[Records from a dataset]
........
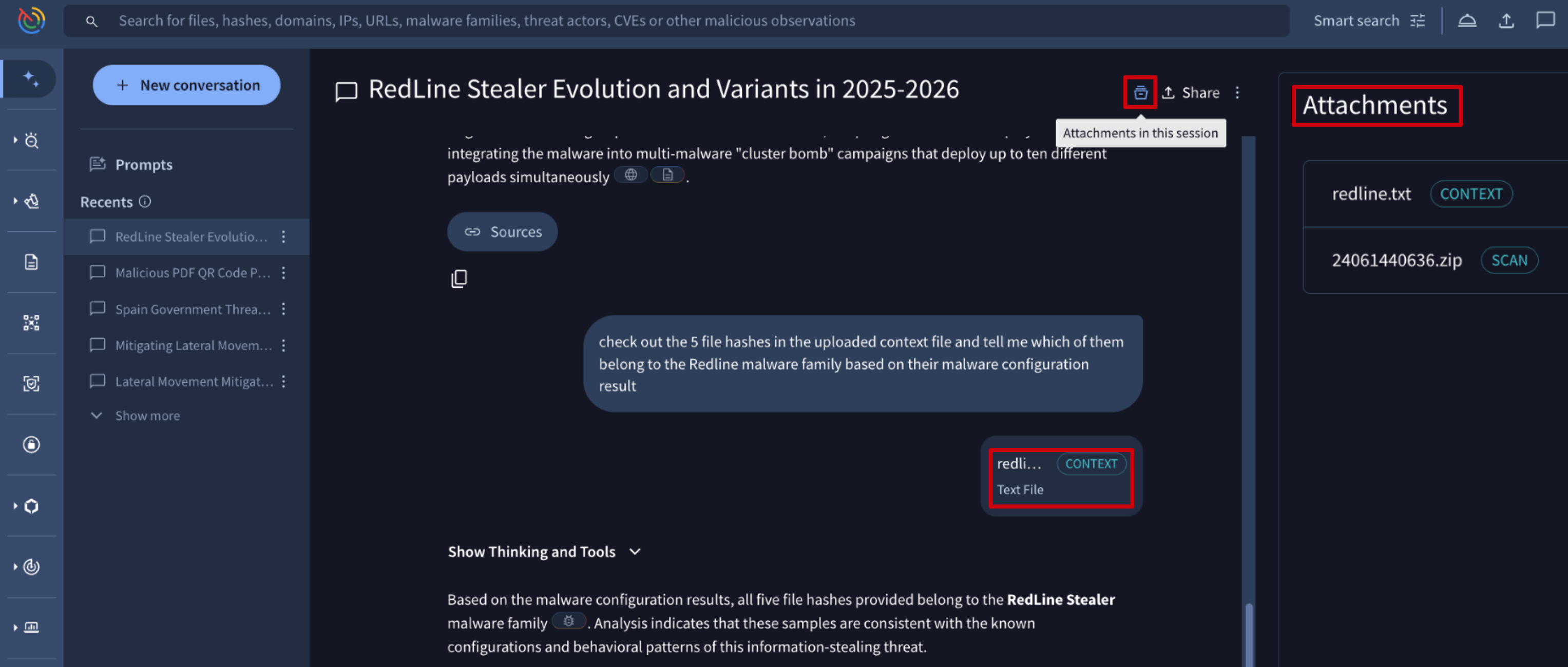 - Attachments Drawer: the Attachments in the session button at the top opens the Attachments panel on the right. This panel lists all files uploaded during the conversation. Files are labeled for clarity: those uploaded as context are marked with a CONTEXT tag, while those submitted for analysis are marked with a SCAN tag.
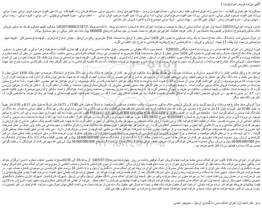 شماره پرونده اجرایی0202355 شعبه اول اجرای احکام مدنی اردبیل به موجب درخواست اجرای حکم به شماره دادنامه مربوطه دادنامه مربوطه 140207390002558725 محکوم علیهم محکوم هستند به دستور فروش ملک مذکور(موضوع دادنامه) و تقسیم وجه حاصله پس از کسر هزینه عملیات اجرایی بین طرفین به نسبت حصه در حق محکوم له ومبلغ 1800000 ریال بابت نیم عشر دولتی در حق صندوق دولت
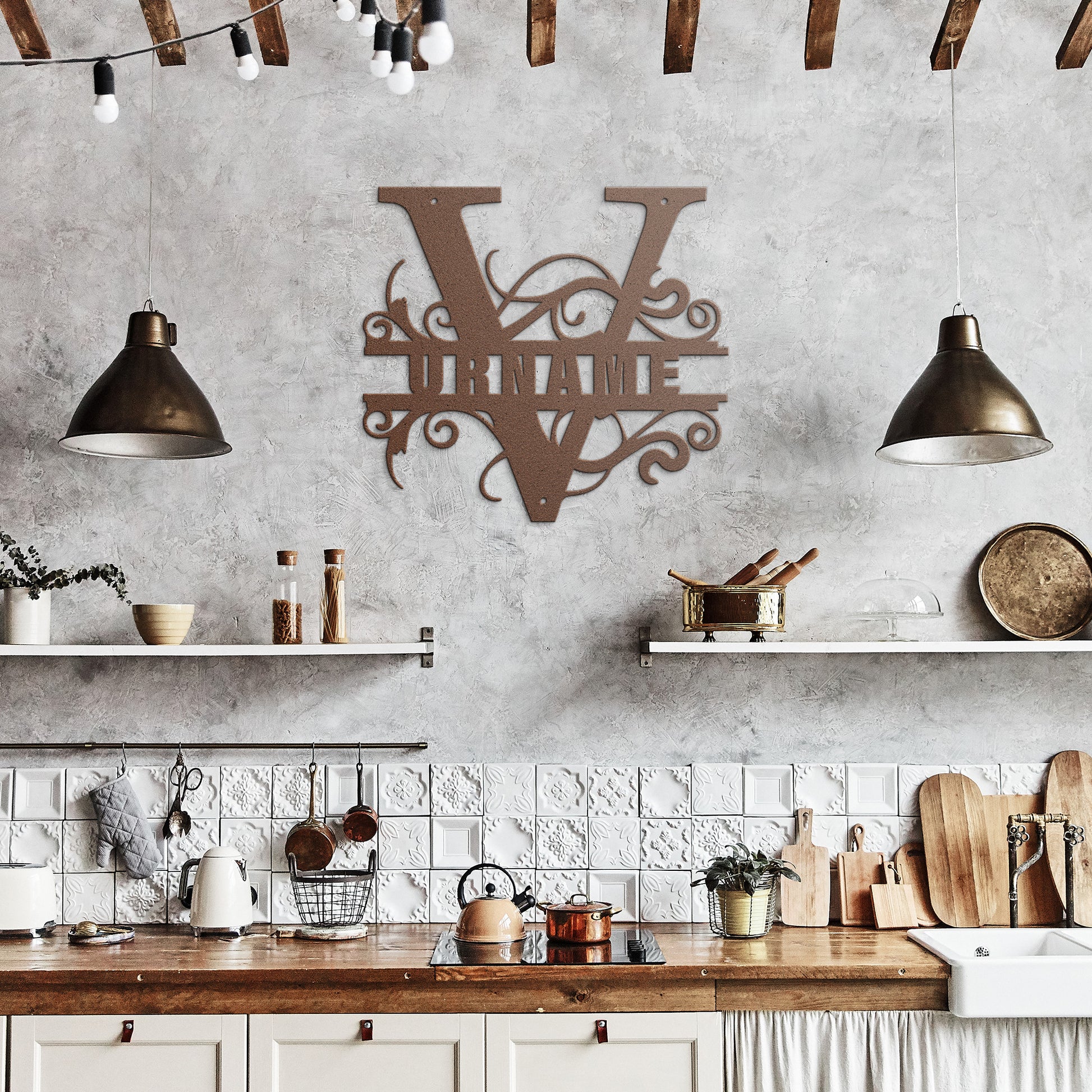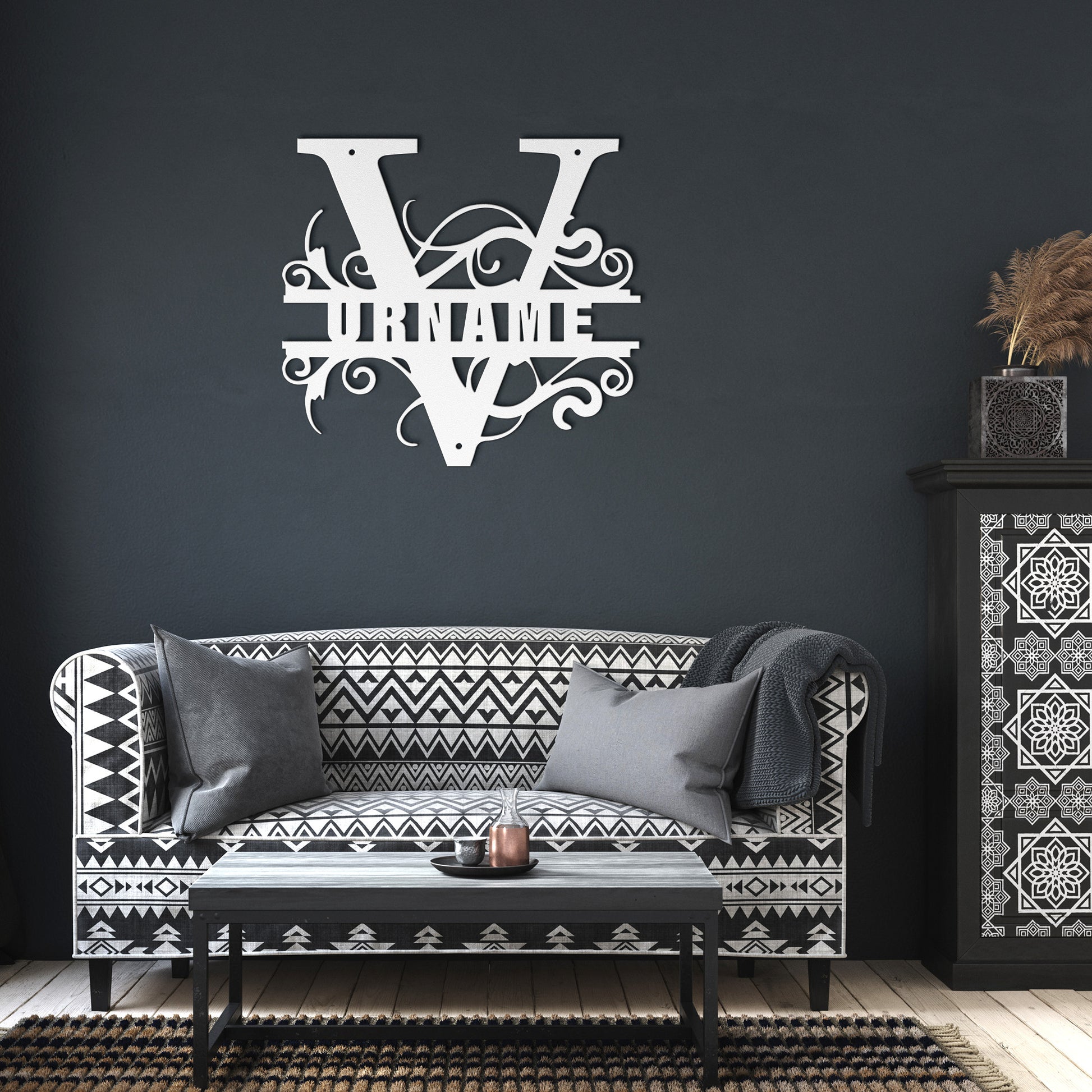 V Barn Door Split Letter Steel Custom Monogram
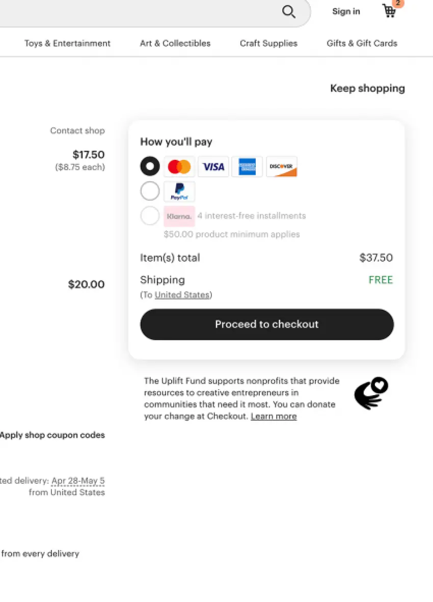 Checkout On Etsy
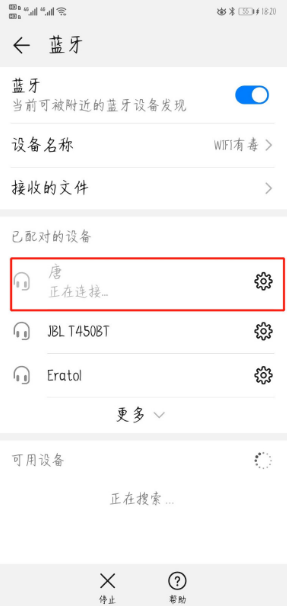 6、打开的蓝牙会自动搜索附件蓝牙设备,在“已配对设备”或者“可用设备”处寻找用户的蓝牙耳机名称,最后点击该名称即可连接,例如图中点击的是“唐”,等待一会儿即可连接成功。
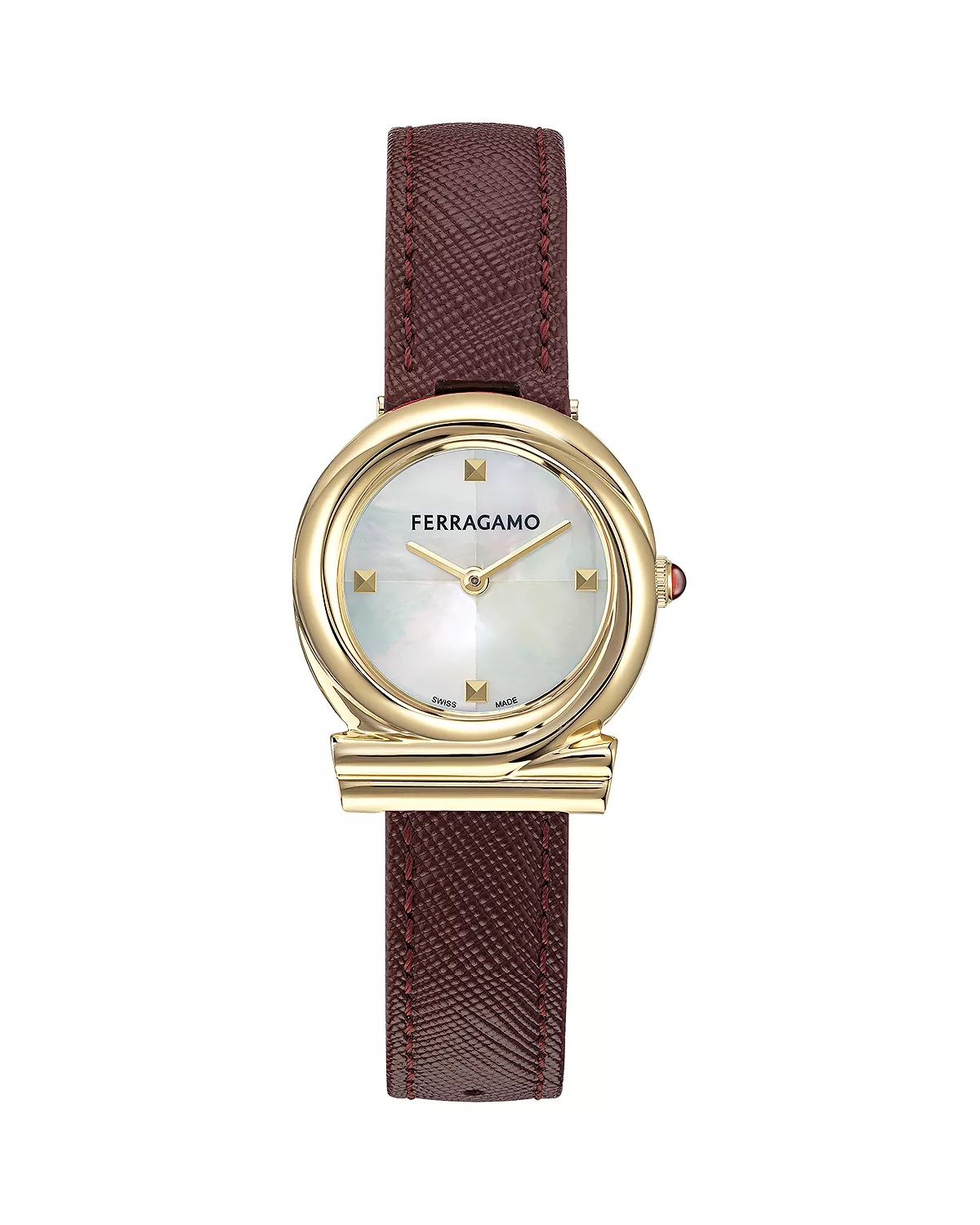 PRODUCT DETAILS - Gold IP; stainless steel; leather; sapphire crystal - Case size: 28mm - Ardillon buckle closure - Water resistant to 3 ATM - Swiss quartz movement - White mother-of-pearl dial - Burgundy saffiano leather strap - Manufacturer's two-year limited warranty - Photo may have been enlarged and/or enhanced - Made in Switzerland Web ID: 5486904
........
PROBLEM DETAILS - Drop the images; copy every entry above exactly.

RESPONSE TO THE EXERCISE -
 - Attachments Drawer: the Attachments in the session button at the top opens the Attachments panel on the right. This panel lists all files uploaded during the conversation. Files are labeled for clarity: those uploaded as context are marked with a CONTEXT tag, while those submitted for analysis are marked with a SCAN tag.
 شماره پرونده اجرایی0202355 شعبه اول اجرای احکام مدنی اردبیل به موجب درخواست اجرای حکم به شماره دادنامه مربوطه دادنامه مربوطه 140207390002558725 محکوم علیهم محکوم هستند به دستور فروش ملک مذکور(موضوع دادنامه) و تقسیم وجه حاصله پس از کسر هزینه عملیات اجرایی بین طرفین به نسبت حصه در حق محکوم له ومبلغ 1800000 ریال بابت نیم عشر دولتی در حق صندوق دولت
 V Barn Door Split Letter Steel Custom Monogram
 Checkout On Etsy
 6、打开的蓝牙会自动搜索附件蓝牙设备,在“已配对设备”或者“可用设备”处寻找用户的蓝牙耳机名称,最后点击该名称即可连接,例如图中点击的是“唐”,等待一会儿即可连接成功。
 PRODUCT DETAILS - Gold IP; stainless steel; leather; sapphire crystal - Case size: 28mm - Ardillon buckle closure - Water resistant to 3 ATM - Swiss quartz movement - White mother-of-pearl dial - Burgundy saffiano leather strap - Manufacturer's two-year limited warranty - Photo may have been enlarged and/or enhanced - Made in Switzerland Web ID: 5486904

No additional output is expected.